Vulcan is under threat and every available possible spaceship in immediate space is flying to save people.

If Vulcan is anywhere nearly as technically developed in spaceflight as we are today in air and sea travel (with thousands of Jumbo jets and hundreds of huge ocean liners, thousands of private executive jets, etc., etc) then the Vulcans ought to be able to evacuate at least ten million, possibly far more if every ship is squeezed, in a few minutes.

If the science of “red matter” were more realistic, with Vulcan taking hours to implode, then the resulting scenes of evacuation all organised by Star Fleet’s kiddies could be more dramatic.

“I am now part of a homeless species, but we still have our colonies, we will survive.”

(Everyone in the audience cheers.)

[And how could Nero seemingly take hours flying to Earth from Vulcan with his advanced technology starship when the clunky old Enterprise (previous generation technology remember?) took only a few minutes to reach Vulcan in the first place?  Did Nero stop off for a picnic somewhere?]
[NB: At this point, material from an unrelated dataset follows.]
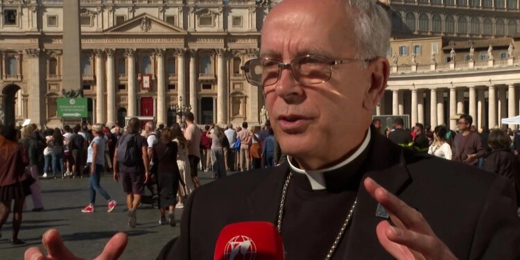 El Obispo de El Paso, Texas (Estados Unidos), Mons. Mark Seitz, conversa con EWTN News el 9 de octubre de 2025, en el Vaticano. / Crédito: EWTN News.

There is another kind of story that can be irritating, when you have a supposedly intelligent super-hero or “brilliant” character who suddenly makes a stupid mistake so the enemy can bring them to a confrontation for dramatic theatrical effect, even though the audience has now begun laughing.

Law Abiding Citizen

According to the initial set-up this is a character who is so amazingly good at creating assassination methods and techniques for the CIA that he’s never been surpassed.  He’s brilliant, he’s amazing, he’s unbeatable. then he’s caught by a dumb street cop for one little mistake in a plan that took years of meticulous work.

Duh!?

Here’s a man who creates some of the most sophisticated and clever plans imaginable. He’s hidden money trails across the country to conceal his activity, but suddenly we discover he’s left a clear trail to South American banks which in turn lead directly back to his base of operations!??

Of course the cop had to find him in the end didn’t he, there had to be some form of confrontation with the cop otherwise our “hero” would just vanish, fading back into the shadows and leaving the cop guessing, and wondering whether there’ll be a next time, and a sequel.

But there won’t so that’s all nicely tidied up

Colombiana

Like the Law Abiding Citizen we have a superhero character.  The “ultimate” girl assassin (think adoptive daughter of “Leon”) who can carry out missions of subtle and successful death against her contracts.

Then she makes the silly mistake of broadcasting her ID by “tagging” her victims and attracting the drug lords she’s hunting.  In the process she exposes her family in America to be murdered.  Something she ought to have been able to foresee if she was that good at her job.

No, all this is just sparking the bomb in time for the climatic confrontation when all masks are stripped off so she and the gangsters can go at each other face-to-face in a farce of violence that contradicts the earlier subtlety and sophistication of her professionalism, just like all those other silly Hollywood idiot films we love to enjoy while waiting for something more intelligent.